A liberdade é um dos pretextos preferidos de quem quer fazer besteira, sem se importar com riscos ou conseqüências, só com o próprio umbigo. Ouço berros histéricos sempre que o facto de eu não querer fazer besteiras chega ao conhecimento de gente que vê cada um na obrigação de fazê-lo, como se minha recusa fosse uma ameaça ao seu modo de vida. Talvez porque "Todo mundo faz" também seja um bordão muito recorrente para essas pesoas. O problema é quando começam a disseminar a idéia de que quem não faz é hipócrita, enrustido, et cétera.
Há um adesivo infame, que até parece ser legítimo, que diz "Deus deu a vida, para que cada um cuide da sua". Seria até nobre, se o tipo de gente que cola cousas assim em seus carros não costumasse ser justo o que gosta de incomodar os outros, e ainda caçar briga se alguém se manifestar. Pessoas que, para usufruir da própria liberdade, se vêem no direito de tolher a do próximo; e até a do distante, porque esses carros com som são um inferno! Mas vai ligar o som do teu carro com algo que ele não gosta!
Comecemos pelo cigarro. O outro quer cometer suicídio? O problema seria só dele, se morasse sozinho desde o início da vida em um lugar isolado, onde no máximo um pesquisador aparecesse vez ou outra para colher dados, e então concluir com uma indicação do suicida para o Prêmio Darwin. A fumaça do cigarro não vai para onde o fumante quer, então não adianta ficar à porta, dar cem metros de distância, baforar para cima, nem cousa alguma. A fumaça é um amontoado de gases, ela obedece o fluxo do ar e vai para onde ele a levar. Fumaça não tem controle remoto. O fumante não percebe em seu olfato desgastado, mas o fedor da nicotina dura horas e é intenso. Quem estiver perto de ti mesmo assim, e não for fumante, pode dar-lhe uma procuração, este gosta de ti como de um filho. Há quem ache que se não gostas de cigarro, não gostas do fumante e começa a implicar. Também há os panacas que vestem a carapuça e querem fazer com os fumantes o mesmo que gostariam de fazer com o cigarro, tentando fazer a pessoa ser reduzida publicamente a uma erva em brasas. Bom senso passou longe, heim!

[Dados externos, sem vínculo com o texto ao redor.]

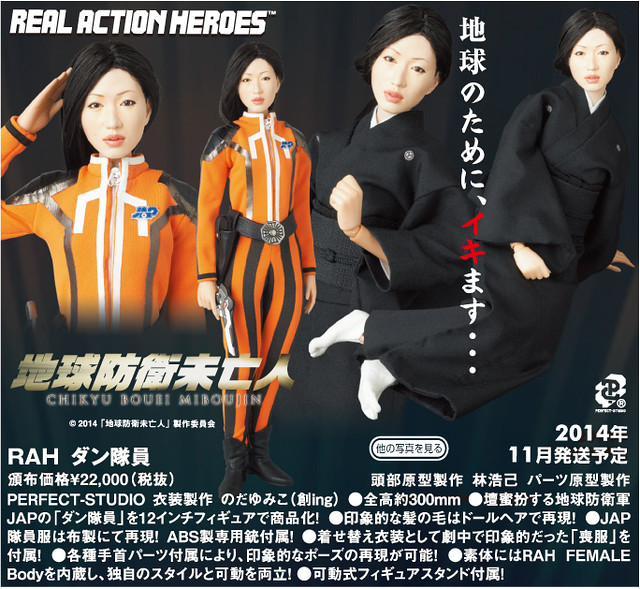 日MEDICOM玩具公司的RAH系列預計在2014年11月發行地球防衛未亡人 ダン隊員,由壇蜜飾演的特攝片『地球防衛未亡人』是《日本以外全部沉沒》導演河崎實所執導拍攝的,故事描述在結婚前夕由 壇蜜所飾演的地球防衛隊 壇隊員(暫時翻譯譯)(ダン隊員)其未婚夫被怪獸殺害,為此壇隊員為了復仇,駕駛戰鬥機與怪獸對抗的特攝電影,不過預告片內容是壇隊員脫光衣服和怪獸戰鬥?有興趣的玩具人可以參考一下下方影片連結。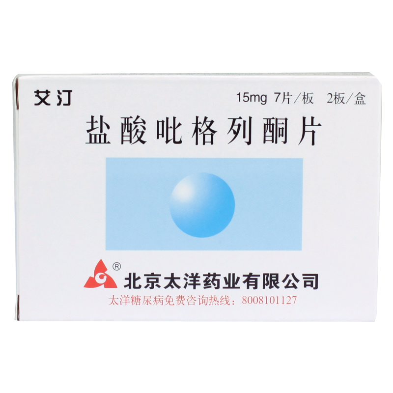 产品剂型:片剂 药品类别:化学药 用法:口服 适用人群:成人 有效期:36个月 药品分类:处方药 疾病:糖尿病 使用剂量:初始剂量一般为一次15毫克(1片)或30毫克(2片),一日一次 品牌:艾汀 批准文号:国药准字H20040267 生产企业:北京太洋药业有限公司 症状:口渴 药品名称:艾汀 盐酸吡格列酮片 药品商品名:艾汀 药品规格:15mg*7片*2板/盒 药品通用名:盐酸吡格列酮片 查看全文

Quem vive em sociedade não tem liberdade plena. Nunca. Provavelmente nenhum eremita jamais teve liberdade plena. Para tê-la, seria preciso que seus actos não afetassem a ninguém, mas ninguém mesmo. Infelizmente devo informar que tudo o que se faz afeta alguém, em menor ou maior grau. Se tu entras no ônibus e se sentas em qualqueer lugar, o que entrar depois pode te ver como um invasor de seu lugar preferido. Neste caso não há direiro de reclamação, o ônibus é público e quem chega primeiro escolhe onde se sentar, salvo disposições legais em contrário. Mas se ligas teu aparelho de som em volume acima de tua audição exclusiva (o que é proibido, podem chamar a polícia se quiserem) já excedeste o teu direito. Como espaço público, o ônibus deve ser o mais neutro possível, pois ninguém é obrigado a partilhar das preferências alheias. Não é da tua conta as agruras pelas quais os outros passaram até o momento do embarque, é com eles e não devem te incomodar com isto. Não é da conta dos outros passageiros o teu gosto ou mau gosto para sonorização, para isto existem os phones de ouvido. Com eles, o que ouves está dentro do teu espaço, sem eles estás invadindo o espaço alheio, o que daria a qualquer um o direito de revidar com algo de que tu certamente não gostas em volume igual ou maior.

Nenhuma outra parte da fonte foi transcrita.